Church organizers insist the papal visit involves zero cost for Spanish taxpayers because the money is coming from corporate sponsors, private donations and fees paid by some of the pilgrims, among other sources.
Pilgrims who buy the premium package get vouchers to eat at nearly 1,500 restaurants which have signed up to take part in the papal visit _ from fast-food hamburger chains to others offering traditional Spanish tapas. And organizers have made created an iPad and smartphone application that will tell pilgrims where the closest participating eatery is and let them communicate with each other in their own social network.
Critics are complaining of the cost of providing extra police security, tax breaks being granted to the corporate sponsors, discount subway and bus tickets for the visitors, and the price tag of opening up school gyms and sports facilities in a vacation month to set up makeshift digs for so many pilgrims.
Even some progressive Catholics joined a protest march Wednesday night to denounce taxpayer money spent for World Youth Day, a globe-trotting meeting held every three years. The last was in Sydney, Australia, and the next will be in Rio de Janeiro.
"At a time of crisis, and with so many people in need, we feel this visit should not be so massive and attention-drawing, so spectacular, but rather something more simple and closer to the grassroots of the church," said Raquel Mallavibarrena, a spokeswoman for a progressive Catholic group called Redes Cristianas, or Christian Networks.

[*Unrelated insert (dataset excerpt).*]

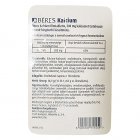 A Béres Kalcium filmtabletta egy 500 mg kalciumot tartalmazó étrend-kiegészítő készítmény, amely hozzájárulhat a normál csontozat és a fogazat fenntartásához. A termék 10 darab, egyenként 1,405 g-os filmtablettát tartalmaz, nettó tömege 14,1 g. Az adagolás felnőttek részére napi 1 tabletta. A készítmény összetevői között található kalcium-karbonát, valamint különböző tömegnövelő szerek, emulgeálószerek, csomósodást gátló anyagok, nedvesítőszer és fényezőanyag. A termék alkalmazása ellenjavallt veseelégtelenségben, vesekövességben vagy mellékpajzsmirigy túlműködés esetén. Fontos, hogy a javasolt napi adagot ne lépjék túl, és a készítményt gyermekek elől elzárva tartsák. Ez az étrend-kiegészítő nem helyettesíti a változatos, kiegyensúlyozott étrendet és az egészséges életmódot.

Yago de la Cierva, head of the World Youth Day organizing committee, insisted providing extra police for major, crowd-drawing events is the government's responsibility _ as it was when Spaniards flocked to the streets last summer to welcome home the national football team that won World Cup in South Africa.
Pope Benedict will be received and sent off by King Juan Carlos Queen Sofia and during his stay will meet separately with Socialist Prime Minister Jose Luis Rodriguez Zapatero and conservative opposition leader Marian Rajoy, the man likely to be Spain's next prime minister.
However, the Vatican insists Zapatero and Rajoy meetings are not about politics. It notes the visit was scheduled long before Spain called early elections and is a pastoral one, rather than a state visit.
Jorge Sainz contributed to this report.